Abstract
Circulating microRNAs (miRNAs) are emerging as promising non-invasive biomarkers for human cancer. Head and neck squamous cell carcinoma (HNSCC) is a prevalent malignancy worldwide, but its overall survival has remained unchanged in the past 3 decades. Biomarkers for evaluating efficacy of cancer therapy are urgently needed. To explore circulating miRNAs as cancer therapy biomarkers, we initially identified that 8 miRNAs were distinctly dysregulated in cancerous tissues compared with adjacent non-cancerous counterparts from 16 patients, using microarray and real-time PCR. Based on this discovery, the comparison study was performed between pre- and 6 months post-operative paired plasma samples on 9 patients. MiR-99a, which was down-regulated in cancerous tissues, was significantly increased in plasma after operation. Meanwhile, oncomiR miR-21 and miR-223 that were up-regulated in cancerous tissues, were significantly reduced in post-operative plasma samples. We firstly report the significant changes of miR-99a in plasma of HNSCC patients after surgery. Furthermore, plasma miR-223 was inversely increased in a patient whose cancer relapsed within 6 months after operation. We conclude that these circulating miRNAs may serve as biomarkers to evaluate the efficacy of therapy and the prognosis of HNSCC.
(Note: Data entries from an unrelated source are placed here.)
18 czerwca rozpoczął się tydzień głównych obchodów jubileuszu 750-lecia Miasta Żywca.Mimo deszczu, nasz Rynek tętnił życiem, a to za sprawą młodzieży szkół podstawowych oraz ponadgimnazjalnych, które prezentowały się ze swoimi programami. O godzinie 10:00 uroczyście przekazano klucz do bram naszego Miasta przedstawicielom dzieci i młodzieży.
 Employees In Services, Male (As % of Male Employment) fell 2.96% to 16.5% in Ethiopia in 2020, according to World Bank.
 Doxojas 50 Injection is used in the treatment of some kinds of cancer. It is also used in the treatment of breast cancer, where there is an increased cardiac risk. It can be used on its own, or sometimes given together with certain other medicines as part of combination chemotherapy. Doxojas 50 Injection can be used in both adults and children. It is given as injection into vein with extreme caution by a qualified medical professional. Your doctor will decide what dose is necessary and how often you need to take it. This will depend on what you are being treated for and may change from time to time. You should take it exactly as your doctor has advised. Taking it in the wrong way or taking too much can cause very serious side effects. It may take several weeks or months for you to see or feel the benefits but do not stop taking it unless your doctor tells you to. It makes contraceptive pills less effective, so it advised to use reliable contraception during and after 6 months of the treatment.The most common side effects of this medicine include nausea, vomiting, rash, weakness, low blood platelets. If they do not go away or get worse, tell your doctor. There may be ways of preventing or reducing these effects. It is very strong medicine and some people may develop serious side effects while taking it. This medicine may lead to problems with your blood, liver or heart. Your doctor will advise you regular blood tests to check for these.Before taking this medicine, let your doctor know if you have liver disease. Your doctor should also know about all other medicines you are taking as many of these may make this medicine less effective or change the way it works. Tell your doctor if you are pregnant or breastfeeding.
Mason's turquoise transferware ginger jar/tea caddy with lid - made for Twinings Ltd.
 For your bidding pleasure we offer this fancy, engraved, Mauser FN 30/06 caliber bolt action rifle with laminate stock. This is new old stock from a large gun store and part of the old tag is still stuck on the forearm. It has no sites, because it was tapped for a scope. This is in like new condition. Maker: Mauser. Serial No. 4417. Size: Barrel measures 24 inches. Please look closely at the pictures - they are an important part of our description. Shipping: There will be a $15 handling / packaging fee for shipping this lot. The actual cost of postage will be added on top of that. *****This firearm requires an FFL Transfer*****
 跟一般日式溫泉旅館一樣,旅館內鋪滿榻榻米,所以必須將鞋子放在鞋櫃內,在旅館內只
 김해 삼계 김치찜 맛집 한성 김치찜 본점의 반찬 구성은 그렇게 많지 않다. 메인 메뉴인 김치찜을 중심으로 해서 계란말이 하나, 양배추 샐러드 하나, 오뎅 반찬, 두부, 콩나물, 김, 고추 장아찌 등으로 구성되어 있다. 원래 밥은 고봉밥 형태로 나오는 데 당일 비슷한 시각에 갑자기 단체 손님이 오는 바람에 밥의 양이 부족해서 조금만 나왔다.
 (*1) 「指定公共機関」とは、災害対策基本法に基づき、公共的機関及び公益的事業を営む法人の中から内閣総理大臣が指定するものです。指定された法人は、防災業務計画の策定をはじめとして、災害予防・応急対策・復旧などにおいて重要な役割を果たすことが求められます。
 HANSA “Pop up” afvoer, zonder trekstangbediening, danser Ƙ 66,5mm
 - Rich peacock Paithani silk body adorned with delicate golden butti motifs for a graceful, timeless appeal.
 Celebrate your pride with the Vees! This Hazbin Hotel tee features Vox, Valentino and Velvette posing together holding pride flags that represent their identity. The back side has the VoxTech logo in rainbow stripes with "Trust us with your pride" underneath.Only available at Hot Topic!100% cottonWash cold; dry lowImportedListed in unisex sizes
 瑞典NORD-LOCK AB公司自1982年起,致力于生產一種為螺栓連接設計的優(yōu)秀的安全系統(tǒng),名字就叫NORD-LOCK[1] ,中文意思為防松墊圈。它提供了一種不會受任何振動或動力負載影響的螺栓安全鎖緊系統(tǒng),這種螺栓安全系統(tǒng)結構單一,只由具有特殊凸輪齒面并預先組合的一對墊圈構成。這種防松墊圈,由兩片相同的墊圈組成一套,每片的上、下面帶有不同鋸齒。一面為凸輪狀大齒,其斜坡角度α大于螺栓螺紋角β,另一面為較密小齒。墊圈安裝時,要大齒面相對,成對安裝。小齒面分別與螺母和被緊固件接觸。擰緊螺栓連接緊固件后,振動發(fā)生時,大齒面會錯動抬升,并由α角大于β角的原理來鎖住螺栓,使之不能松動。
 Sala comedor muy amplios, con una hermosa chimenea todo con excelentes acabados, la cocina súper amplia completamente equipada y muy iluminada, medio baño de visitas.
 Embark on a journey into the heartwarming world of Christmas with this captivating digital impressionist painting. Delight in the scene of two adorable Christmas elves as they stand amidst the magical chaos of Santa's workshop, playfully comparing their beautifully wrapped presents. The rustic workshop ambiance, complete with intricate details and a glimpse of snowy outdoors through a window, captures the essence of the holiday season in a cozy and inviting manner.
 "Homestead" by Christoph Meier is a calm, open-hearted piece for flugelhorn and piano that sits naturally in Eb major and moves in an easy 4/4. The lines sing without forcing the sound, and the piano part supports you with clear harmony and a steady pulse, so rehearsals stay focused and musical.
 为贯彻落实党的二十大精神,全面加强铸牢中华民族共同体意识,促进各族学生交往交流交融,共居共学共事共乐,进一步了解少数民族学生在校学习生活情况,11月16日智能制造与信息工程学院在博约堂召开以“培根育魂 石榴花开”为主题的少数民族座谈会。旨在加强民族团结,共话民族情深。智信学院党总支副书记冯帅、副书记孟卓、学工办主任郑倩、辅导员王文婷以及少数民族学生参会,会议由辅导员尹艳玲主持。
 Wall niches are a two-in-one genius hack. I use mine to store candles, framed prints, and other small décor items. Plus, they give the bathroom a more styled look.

Keywords: biomarker, circulating miRNA, head and neck squamous cell carcinoma, miR-99a, miR-223
Abbreviations
- HNSCC
head and neck squamous cell carcinoma
- miRNA
microRNA
Introduction
Head and neck cancer is a group of epithelial malignancies that originates most often from the oral cavity, oropharynx, hypopharynx, and the larynx. The predominant type of head and neck cancer is squamous cell carcinoma.1 Head and neck squamous carcinomas (HNSCC) represent one of the 6 most common cancer types worldwide. Although advanced surgical techniques and effective adjunctive therapeutic strategies have been developed, the overall survival of HNSCC has remained unchanged in the past 3 decades. Thus, it is necessary to search for better markers for cancer therapeutic evaluations.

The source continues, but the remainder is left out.